Everything in the listing except the pictures should be written out exactly.

**Source material**
"""
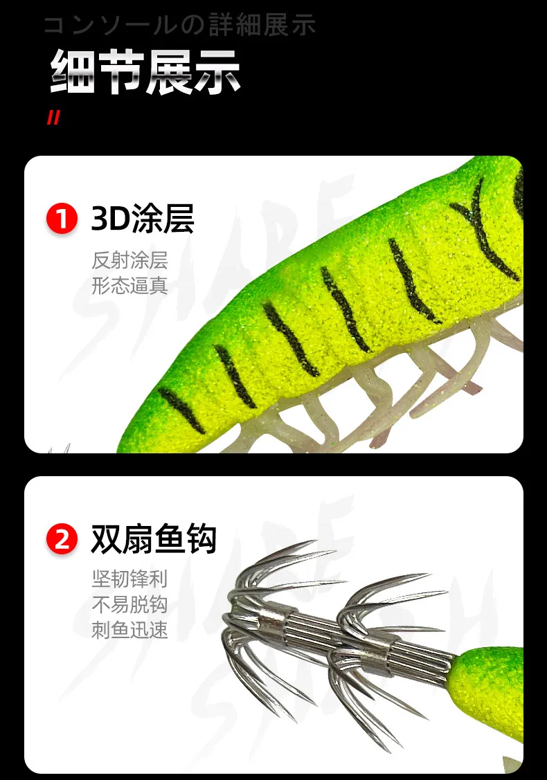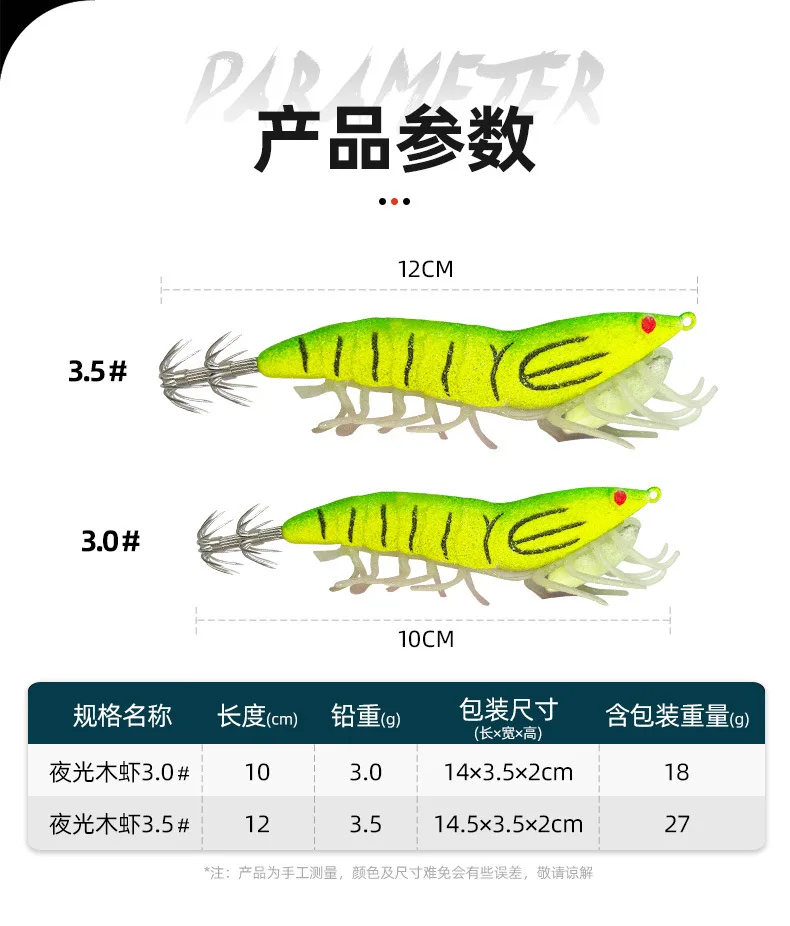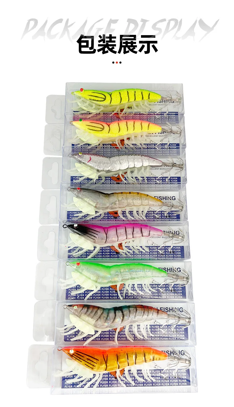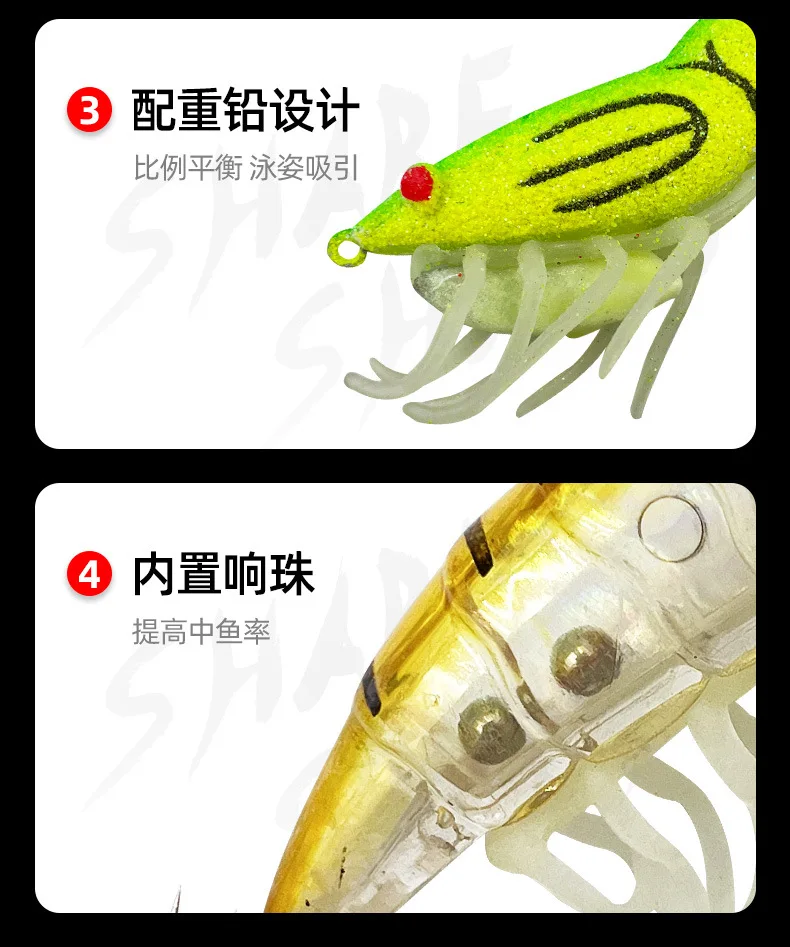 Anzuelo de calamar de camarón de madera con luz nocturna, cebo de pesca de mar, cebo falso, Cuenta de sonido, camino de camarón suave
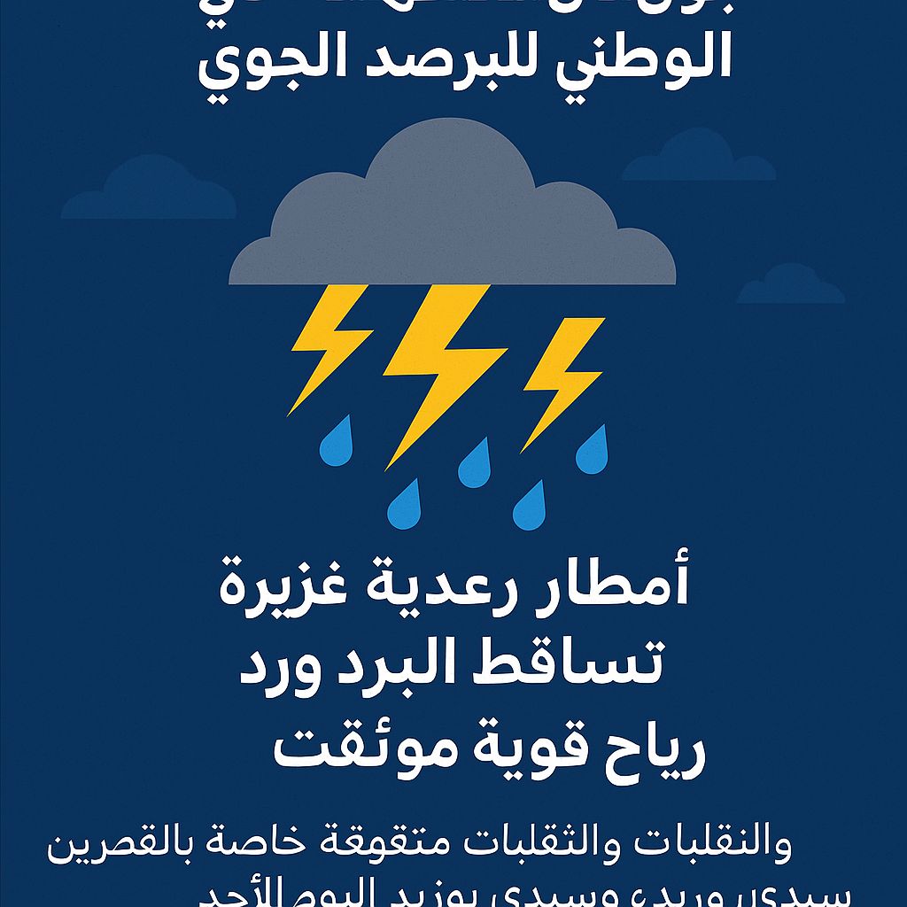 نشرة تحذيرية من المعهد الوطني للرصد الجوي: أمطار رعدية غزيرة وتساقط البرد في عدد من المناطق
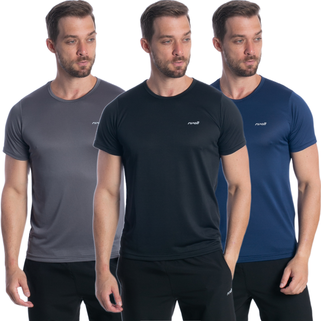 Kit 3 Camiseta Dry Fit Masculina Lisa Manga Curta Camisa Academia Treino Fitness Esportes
"""
**Exercise solution**
 Anzuelo de calamar de camarón de madera con luz nocturna, cebo de pesca de mar, cebo falso, Cuenta de sonido, camino de camarón suave
 نشرة تحذيرية من المعهد الوطني للرصد الجوي: أمطار رعدية غزيرة وتساقط البرد في عدد من المناطق
 Kit 3 Camiseta Dry Fit Masculina Lisa Manga Curta Camisa Academia Treino Fitness Esportes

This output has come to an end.